The court further held that the business-risks and impaired-property exclusions did not preclude coverage for the claim. Under the business-risks exclusion, “a distinction is drawn between ‘faulty workmanship’ claims involving only the insured’s own work product, for which a defense need not be provided, and claims for damage to the property of a third party, for which a defense is required.” Id. at 407.

The court determined that the impaired-property exclusion did not apply because the allegation that odor had permeated the building “is reasonably susceptible to an interpretation that the odor physically injured the property.” Id. at 408 (emphasis in the original). The policy defined “‘impaired property’ as tangible property, other than the insured’s product or work, that cannot be used or is less useful because it incorporates part of the insured’s product or work that is ‘known or thought to be defective, deficient, inadequate, or dangerous.’” Id. at 408. “This definition is, however, somewhat narrowed by a condition that property is ‘impaired property’ only if such property can be restored to use by (i) the repair, replacement, adjustment, or removal of the insured’s product or work, or (ii) the insured’s fulfilling the terms of its contract or agreement. Id. On this reading, the court concluded that if property “cannot be so restored, then it is not ‘impaired property.’” Id. (emphasis in original).

The court determined that “a fair reading of Suffolk’s complaint suggests the property could not be restored to use simply by repairing, replacing, adjusting, or removing BloomSouth’s product or work.” Id. (emphasis in original). “The allegations thus [fell] outside the definition of impaired property.” Id.  “A legitimate reading of the complaint is that Suffolk attempted to remediate the alleged injury (odor) by installing carbon air filters and bead-blasting the concrete floor.” Id. at 409.
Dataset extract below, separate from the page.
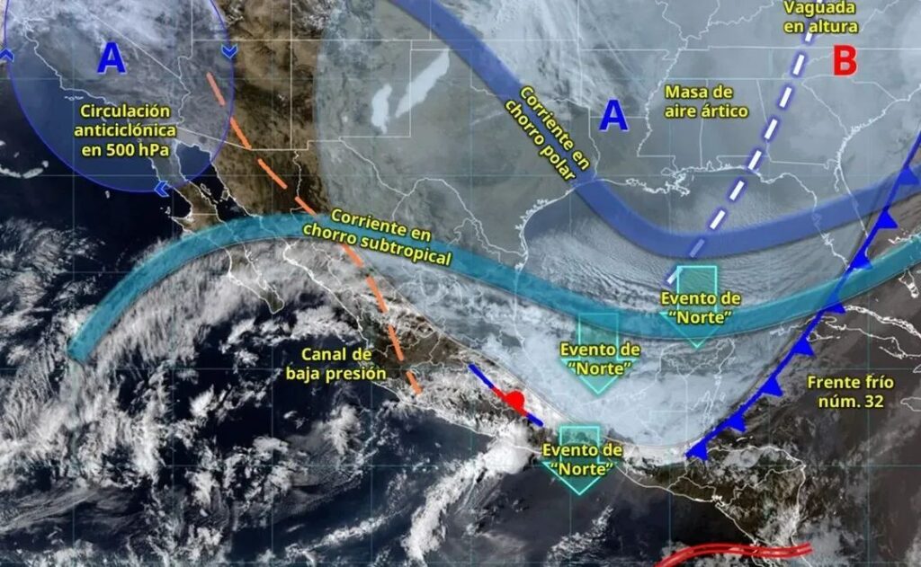 Asimismo, la masa de aire ártico asociada mantendrá un evento de “Norte” muy fuerte a intenso en el litoral del Golfo de México, la Península de Yucatán y el Istmo y Golfo de Tehuantepec, con oleaje elevado en zonas costeras.

Finally, the court held that the “your work” exclusion had no application to the claim. “Where, as here, the complaint alleges damage to ‘real property,’ the exclusion cannot apply because it excludes coverage only for damage to goods or products ‘other than real property.’” Id. at 409. The court remarked that “Suffolk’s complaint alleged damage to ‘real property,’ specifically, BFDS’s concrete floor.” Id. at 410. “As opposed to the carpet itself . . . which BloomSouth concedes is its ‘product’ – the pre-existing building structures, including the concrete subfloor over which the carpet was to be installed, are ‘real property’ and are thus excluded from the definition of ‘product.’” Id. Finally, the court concluded that “we do not believe that an insured reasonably understand [the ‘your work’] exclusion . . . to bar coverage for property damage to third-party property such as the subfloor, that was, at all times, part of the building in which it was working in just the same way as the walls, ceilings, and windows.” Id. at 410.